Unlike the Internet start-ups that have hired many other Disney executives, Navigation Technologies is an established business. The small, privately held company is poised to grow by applying its digital map databases to hand-held wireless computers and similar uses.

Eisner spokesman John Dreyer said Green knew the company would expand “when the time and place and circumstances are right.”

As for overemphasizing theme park earnings, Dreyer said, “I cannot imagine that any of our executives would be negative about profits, especially any that have run our businesses.”

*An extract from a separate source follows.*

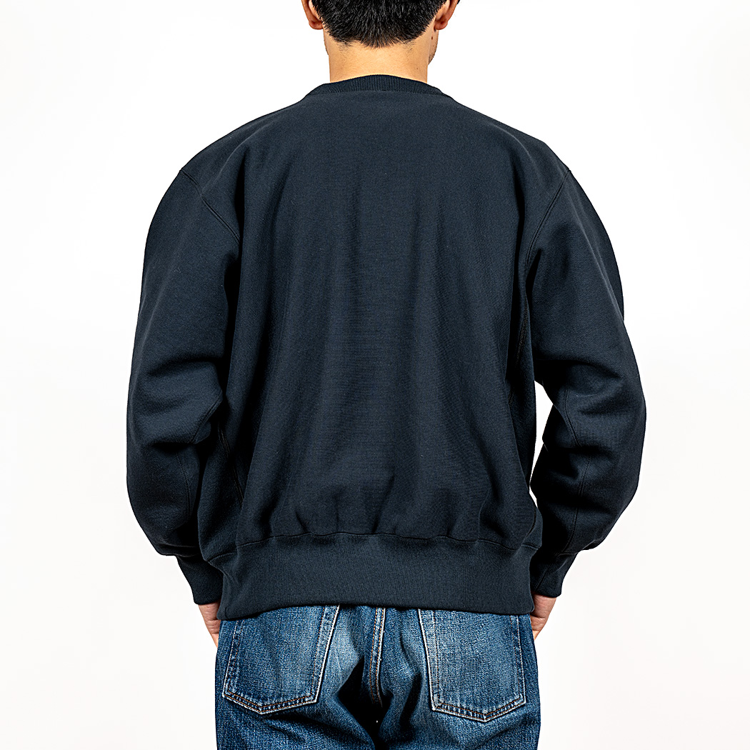 18ゲージでガチガチに目を詰めて編んでいるので形崩れしにくい。重さ15 オンス程あり、いわゆる「超ヘビーウェイトスウェット」。でも化繊は使っていないのでしなやか。

(BEGIN TEXT OF INFOBOX / INFOGRAPHIC)

Profile: Judson C. Green

Age: 47

* Old position: Chairman, Walt Disney Attractions

* New position: Chief executive, Navigation Technologies Corp.

* Background: Left Arthur Young accounting firm in Chicago to become internal auditor for Walt Disney World in 1981. Rose to vice president of finance and planning. Named chief financial officer of Disneyland Paris in 1987, CFO of Walt Disney Co. in 1989, president of Walt Disney Attractions in 1991, chairman in December 1998.

* Achievements: Disney parks and resorts profit grew from $500 million in 1991 to $1.45 billion in 1999 during Green’s tenure. Theme parks (including those under development) grew from six to 11, hotel rooms from 10,661 to 28,270.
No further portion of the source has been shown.